Created attachment 198093 [details] [review] [4/7] Fix a typo in describing GVariant fixed array functions
Created attachment 198094 [details] [review] [5/7] g_variant_new_from_data: mention that the caller might need to byteswap
Created attachment 198095 [details] [review] [6/7] g_variant_get_data: mention what you need to know to deserialise Also include a shorter version in the docs for g_variant_store, with a pointer to g_variant_get_data.
Created attachment 198096 [details] [review] [7/7] In the GVariant intro, mention lack of built-in endianness, and rationale Presumably, the rationale for not storing the endianness is that GVariant is a recursive type system, and in a sane format, endianness only needs to be stored once per blob of data (once per D-Bus message, once per file on disk, etc.).
(In reply to comment #8) > Also g_variant_new_from_data() doesn't say if the data needs to be in host byte > order and if not if conversion happens and so on... Fixed. I put more details in g_variant_store() and g_variant_get_data() too, because those are the places where you're getting a string suitable for putting in a file, which you might naively assume was in a platform-independent byte order. (In reply to comment #14) > Sure, sure, that's fine. What's missing is putting all the information gathered > from all this detective work in this bug into the docs... I *think* I've covered everything now... (In reply to comment #8) > > Do the patches I've attached here look correct/useful to merge? > > They definitely look useful to me. Please review / consider merging?

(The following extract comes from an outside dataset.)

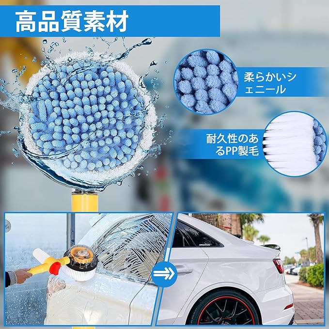 回転式洗車ブラシ 洗車モップ マイクロファイバー 自動回転ブラシ 全長100 cm 車 洗車ブラシ ボディ用 水圧 ホイールブラシ ホコリ取り 洗車グッズ 取り外し可能 高圧洗浄 洗車用品 柔らかい 傷つかない ほこり取り

Review of attachment 198092 [details] [review]: ::: glib/gvariant-parser.c @@ +2488,3 @@ * You may not use this function to return, unmodified, a single * #GVariant pointer from the argument list. ie: @format may not solely + * be anything along the lines of "%*", "%?", "%r", or anything starting gtk-doc likes \%
Review of attachment 198095 [details] [review]: ::: glib/gvariant-core.c @@ +828,3 @@ + * %G_VARIANT_TYPE_VARDICT and it is always in little-endian order") or + * explicitly (by storing the type and/or endianness in addition to the + * serialised data). perhaps mention that a reasonable strategy is boxing inside a variant (and then you know that the type of the file is always 'v').
These all look great, Simon. Just a couple of tweaks, and then feel free to push to both master and glib-2-30.
Fixed in master for 2.31.0 (commits up to 7973d9f8bac34fa) and in glib-2-30 for 2.30.1 (commits up to 04da052c1e8710). (In reply to comment #24) > Review of attachment 198095 [details] [review]: > > ::: glib/gvariant-core.c > @@ +828,3 @@ > + * %G_VARIANT_TYPE_VARDICT and it is always in little-endian order") or > + * explicitly (by storing the type and/or endianness in addition to the > + * serialised data). > > perhaps mention that a reasonable strategy is boxing inside a variant (and then > you know that the type of the file is always 'v'). I changed the word VARDICT to VARIANT to hint at this strategy. Perhaps this deserves a more tutorial-style section, "Using GVariant in file formats and network protocols" or something, but I'm not going to write that right now (and you have more experience with that anyway); I'm more interested in documenting hard requirements than best practices at the moment. (In reply to comment #23) > gtk-doc likes \% Fixed.